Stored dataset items
--*--

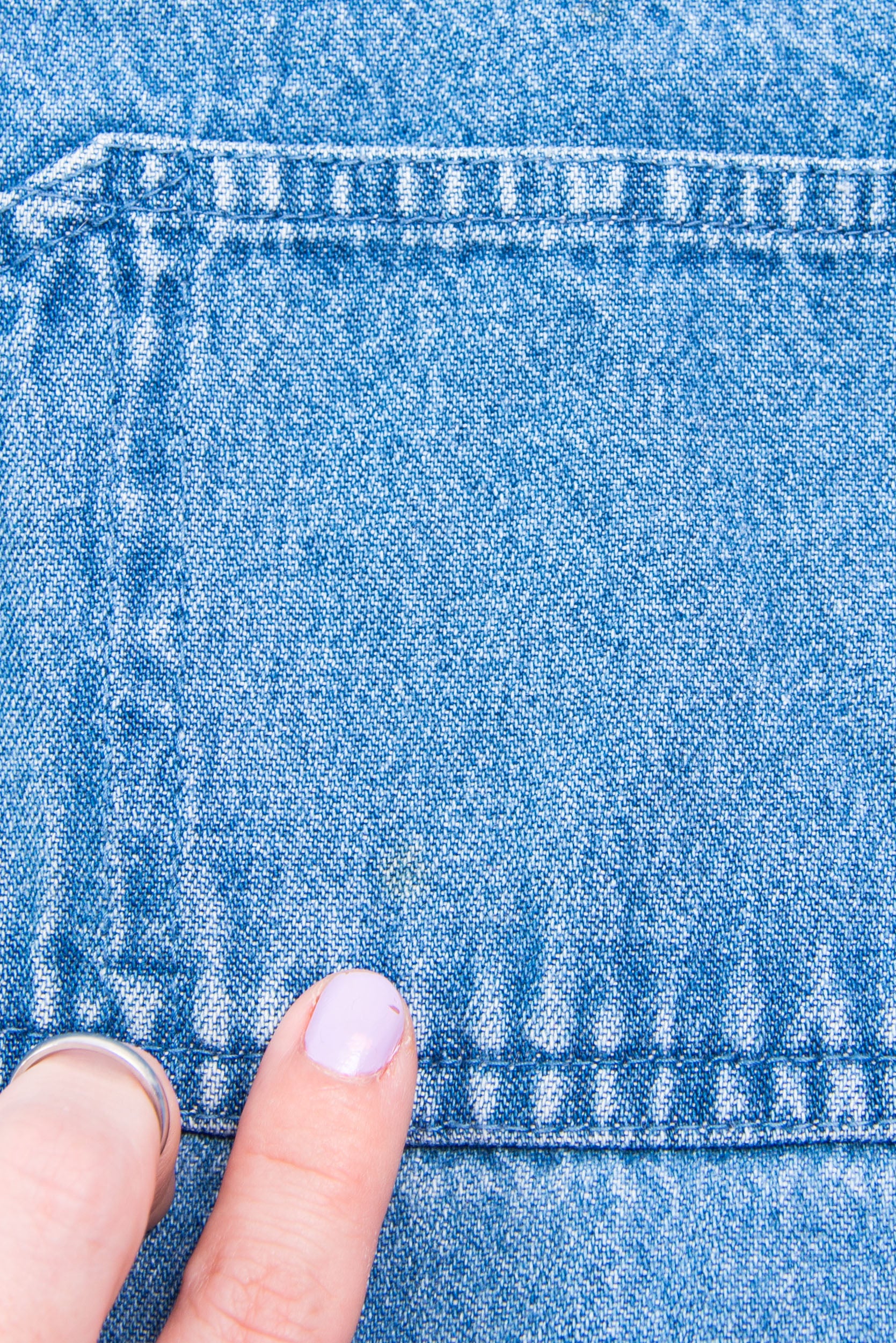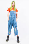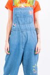 Vintage 90's blue denim dungarees with embroidered butterfly detail. DUNGAREES HAVE YELLOW MARKS ON FRONT OF ONE LEG AND ON FRONT OF BIB (SEE PICS) VERY MINOR.
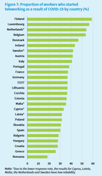 Figure 7 has a quite interesting view of which European countries had a bigger implementation of teleworking.
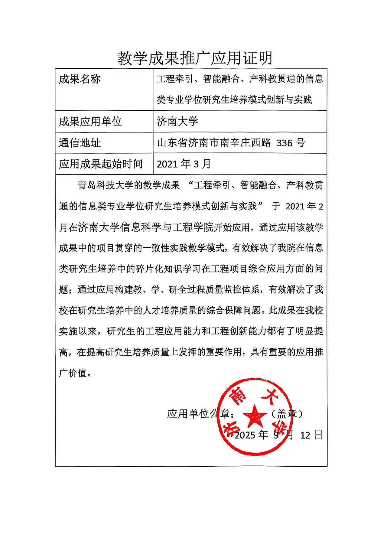 成果推广——济南大学
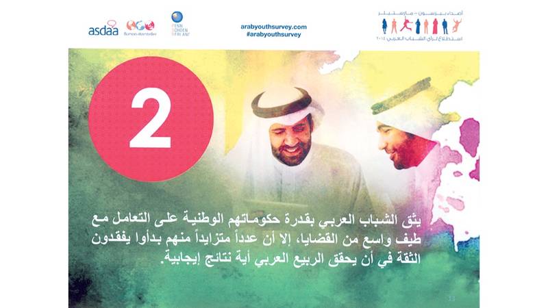 يثق الشباب العربي بقدرة حكوماتهم الوطنية على التعامل مع طيف واسع من القضايا، بما في ذلك معايير المعيشة، والاستقرار الاقتصادي، والبطالة . ولكن الزخم الإيجابي الذي تخلل ثورات الربيع العربي بدأ يتلاشى، حيث تراجع مستوى الثقة بقدرتها على إحداث أثر إيجابي طويل الأمد .
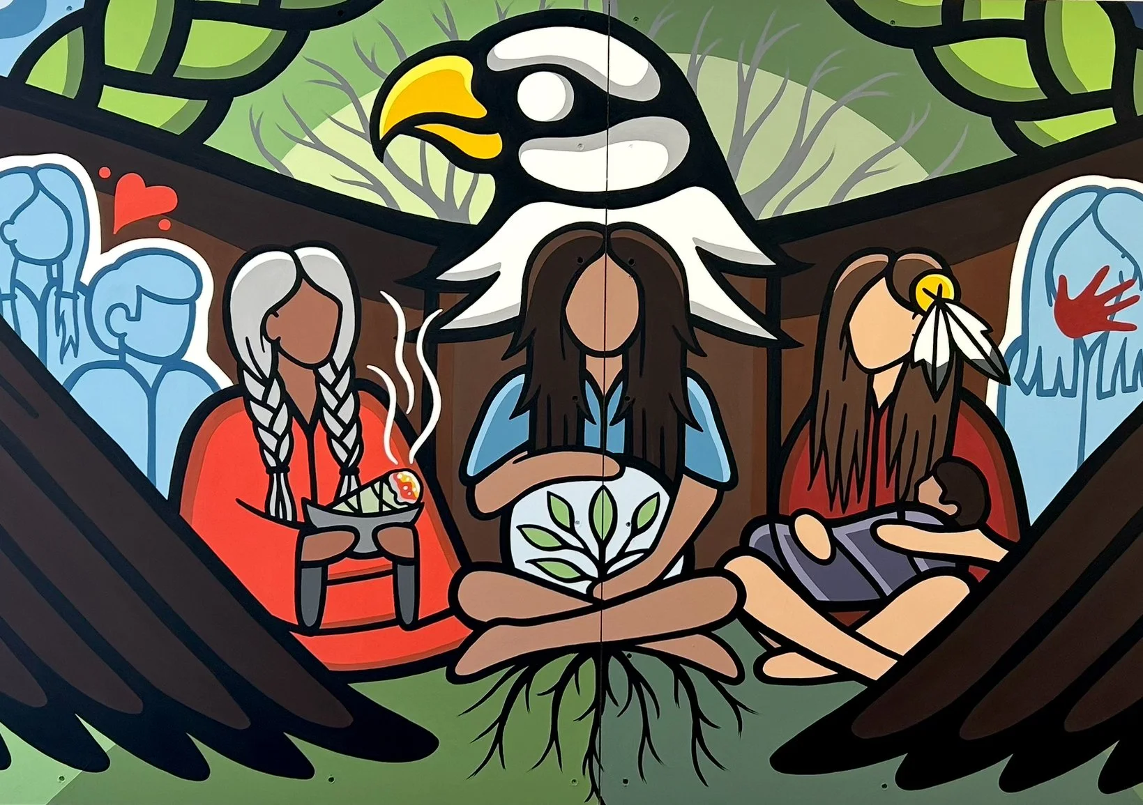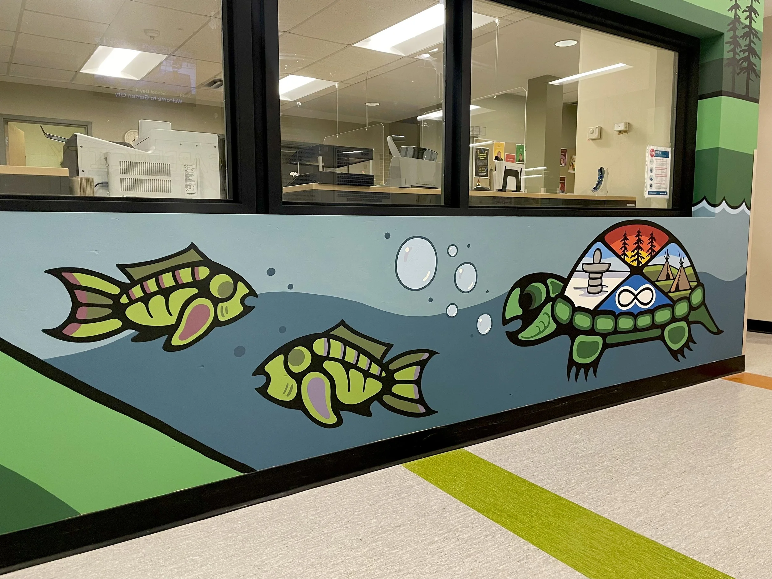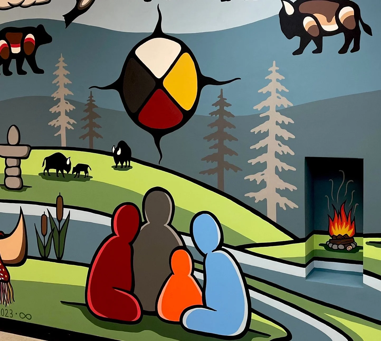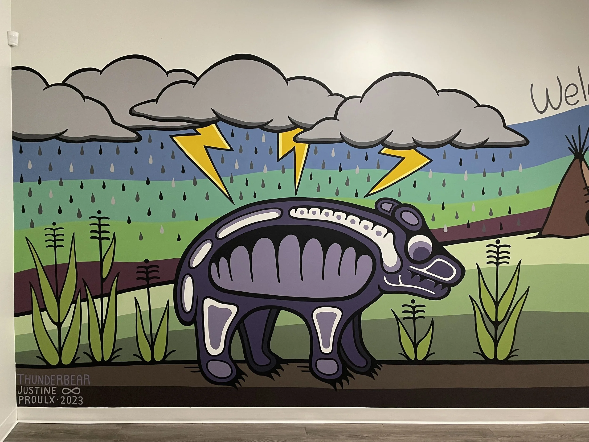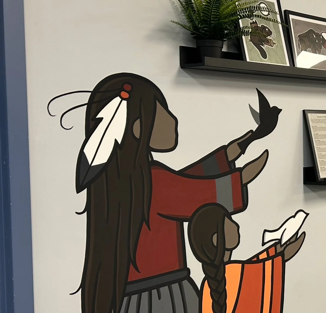 I have created close to 50 murals and installations across Winnipeg, in hospitals, community centres, youth centres, elementary and high schools, daycares, as well as large public art projects. Each piece is created in the Woodland art style, a style that carries stories of connection between spirit, animals, nature, and people.
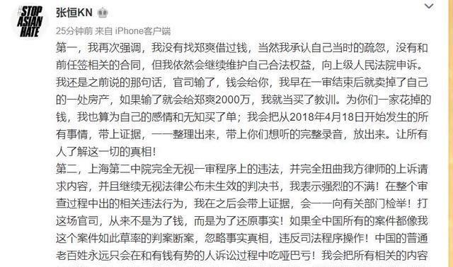 但是呢,作为一个男人的张恒似乎没有善罢甘休的味道,而且向有关部门起诉,对有关的决定表达了不满,然而有关部门没有对此表示异议,而是维持了原判,这让作为渣男的张恒心里不舒服,所以内心的不满再次爆发了,而且扬言还掌握更多前女友郑爽的负面新闻。

--*--

Task brief ▸
Set down exactly the lines from the start of the records through the line containing "I have created", both included, and omit the pictures.

Problem solution ▸
 Vintage 90's blue denim dungarees with embroidered butterfly detail. DUNGAREES HAVE YELLOW MARKS ON FRONT OF ONE LEG AND ON FRONT OF BIB (SEE PICS) VERY MINOR.
 Figure 7 has a quite interesting view of which European countries had a bigger implementation of teleworking.
 成果推广——济南大学
 يثق الشباب العربي بقدرة حكوماتهم الوطنية على التعامل مع طيف واسع من القضايا، بما في ذلك معايير المعيشة، والاستقرار الاقتصادي، والبطالة . ولكن الزخم الإيجابي الذي تخلل ثورات الربيع العربي بدأ يتلاشى، حيث تراجع مستوى الثقة بقدرتها على إحداث أثر إيجابي طويل الأمد .
 I have created close to 50 murals and installations across Winnipeg, in hospitals, community centres, youth centres, elementary and high schools, daycares, as well as large public art projects. Each piece is created in the Woodland art style, a style that carries stories of connection between spirit, animals, nature, and people.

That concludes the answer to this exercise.